During the following years, Salazar confirmed his "grey" dictatorship, and rallied to his "National Union" a great number of moderate monarchists, while followers of Don Duarte Nuno were still divided into "the Monarchic Cause" — a rather well structured party, and small extremist groups, often attracted to radical forms of totalitarianism. Portugal greatly benefited from its neutral position in WW2, particularly in comparison with Spain, bled dry by three years of Civil War, but Salazar did not understand to what extent the world had changed after it. He accepted the invitation to be a founding member of NATO, but refused to endorse the Marshall Plan, intending to go on guiding his country "alone and proud". As the people felt a greater urge for freedom and democracy, as the political police became more and more ruthless and inquisitive, the "Doctor" who had been twenty years in office already, found he needed a stronger conservative base.

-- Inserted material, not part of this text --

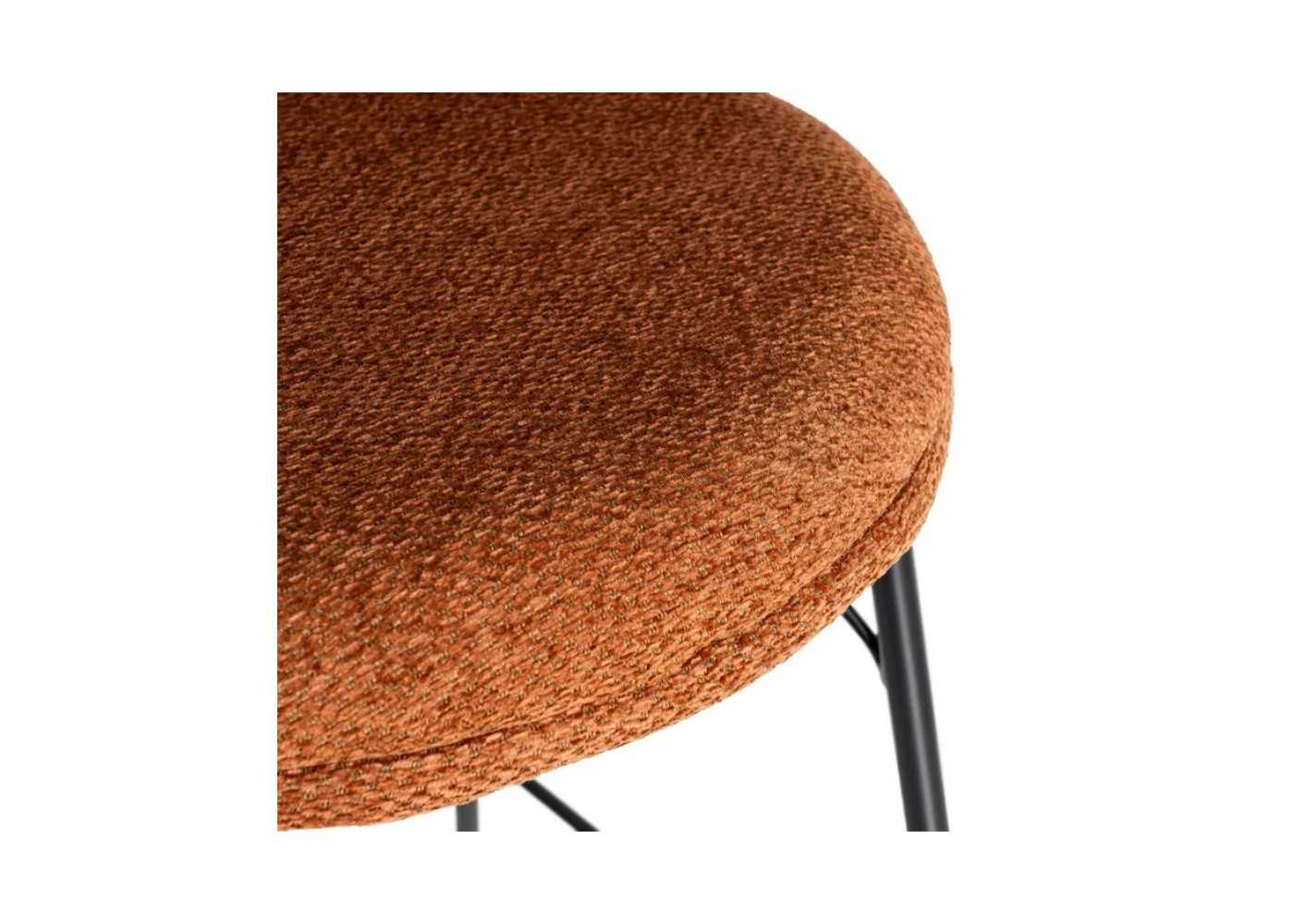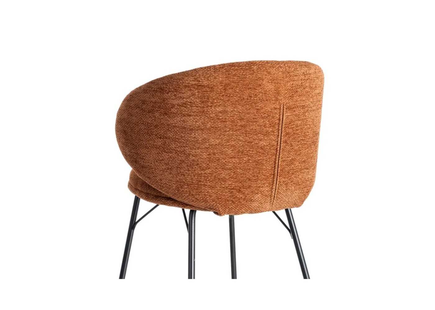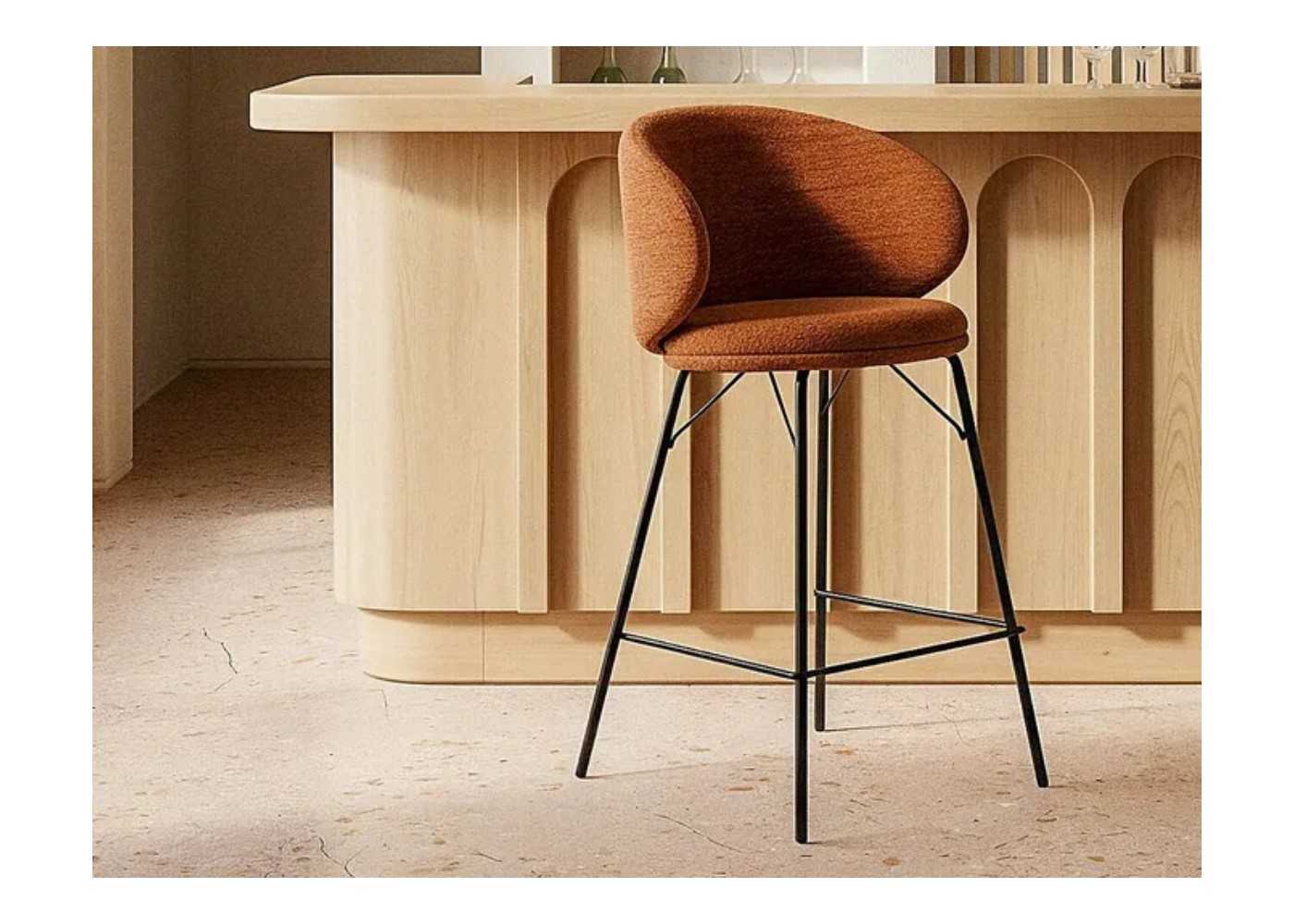 Taburete de diseño moderno con respaldo envolvente con brazos tapizada en tela color TERRACOTA con estructura de patas en acero lacado negro.

Conscious of the ambiguity of his regime, he thought that "the question (of a monarchic restoration) should not been raised... and... should be left suspended as a later possibility, faraway and indefinite... to satisfy the monarchists and justify in their own eyes the support they granted (to the Estado Novo)". Having weighed the character of Don Duarte Nuno and decided that the Prince could constitute no threat to Civil peace and order, Salazar struck a deal with him. In consequence, the Parliament passed a law on May 27, 1950, to revoke the 1834 Law exiling Don Miguel and his descendants and the 1910 Law exiling all the Royal family. The Prince returned to Portugal and was permitted to receive a modest allowance from the Braganza Trust. He lived mostly on other sources of private income, including grants and legacies from wealthy followers. For Salazar, who deluded himself into believing that his regime was for ever, the case was closed.

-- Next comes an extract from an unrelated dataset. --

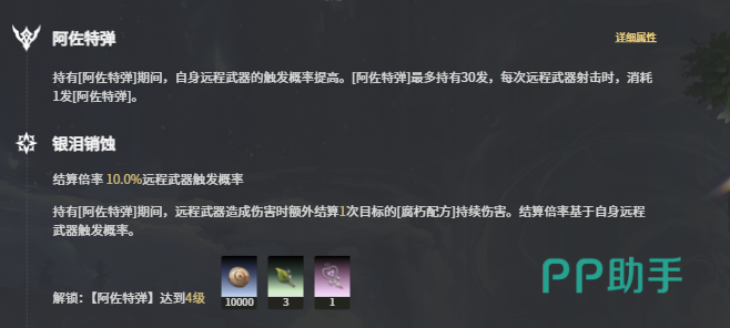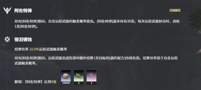 阿佐特弹是贯穿其战斗机制的核心资源,当拥有子弹时,远程武器的触发概率将显著提升。每次射击都会消耗一发子弹,但此消耗极为值得——解锁后通过子弹攻击可额外触发持续伤害效果,从而间接增强整体输出能力。在阵容搭配方面,由于达芙涅属于风属性辅助,推荐与其配合风属性主C角色,以便让风系进化配方发挥追加伤害效果,实现团队输出最大化。养成路径上,优先将突破等级升至4级以激活被动技能,达到第5阶后可获得攻击提升,被动增益幅度达30%。

It was solemnly re-opened on July 15, 1957 when a group of Portuguese citizens, led by a man called João António da Costa do Cabedo, addressed a petition to Maria Pia, which reads as follows:

We, the undersigned, considering

  1. the precarious and anguishing situation in which lives, presently, the people of Portugal;
  2. the absolute lack of freedom and rights of the Portuguese People, originating in the present police state;
  3. the existing difficulties to the moral, intellectual and artistic development of our People;
  4. the failure of the human results proclaimed by the idealists who contributed to the implantation of the Republic, which idealists were later substituted by opportunist elements.

We ask permission of Your Royal Highness to continue considering that:
  1. Portugal must be again a Monarchy, the monarchy that led us, oriented us and served us during eight centuries and is so deeply rooted in the soul of our beloved People;
  2. The Portuguese People deserves a better fate, and to enjoy the Rights that assist all free nations and individuals, in this second half of the XXth Century;
  3. It was Monarchy that made, from a small territory on the banks of the Douro river a great Country, that gave new worlds do the World;
  4. Being Your Royal Highness the only descendent of our ever-lamented Monarch, His Majesty the King, D. Carlos I, so tragically assassinated.

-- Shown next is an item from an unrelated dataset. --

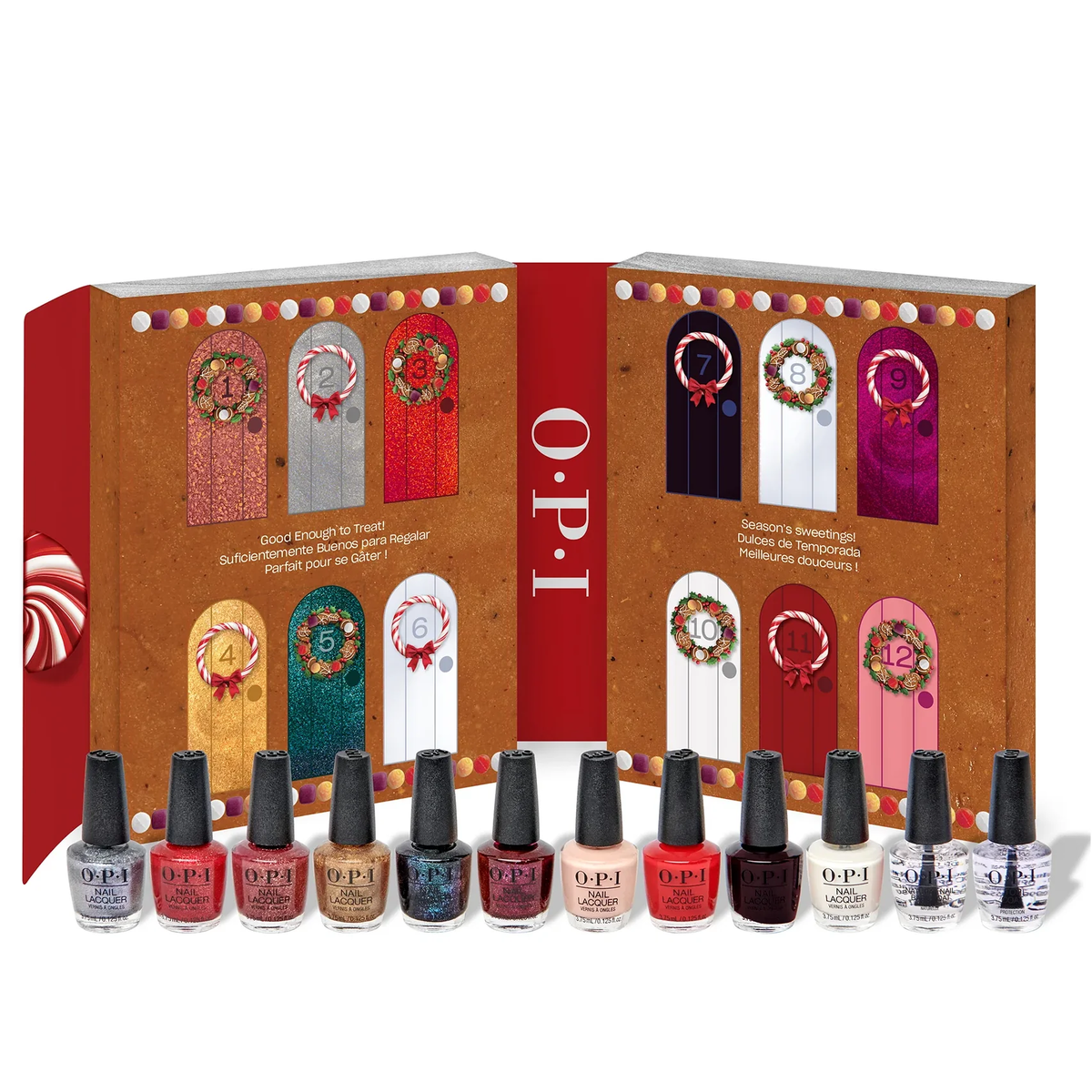 Welcome to the House of OPI! Take a stroll down candy lane to celebrate the 12 days of candymas. Our decadent advent calendar features mini (but majorly sweet) Nail Lacquers behind every door including:

We beg Your Royal Highness to accept, in Your Royal Person, the restoration of the Portuguese throne, as our Queen and Liege. Hoping that Your Royal Highness will give us the grace of being in reality, as she is already in our hearts: HER MAJESTY THE QUEEN, D. MARIA III.

The ten signatures that follow are hardly representative of a great surge of monarchic opinion. Some of these worthy people, however, bear names suggesting good connections. Costa Cabedo himself comes from a good family of the island of Madeira. We do not know if he himself took the initiative of creating the petition, or whether it was prompted by Maria Pia herself. It marks, however, the beginning of a war she was to fight for almost another half century, and make her, until now a smiling character in the social comedy, the protagonist of a strange drama, a sort of Queen Lear, stalking through an errant life and times that perhaps were not quite her own.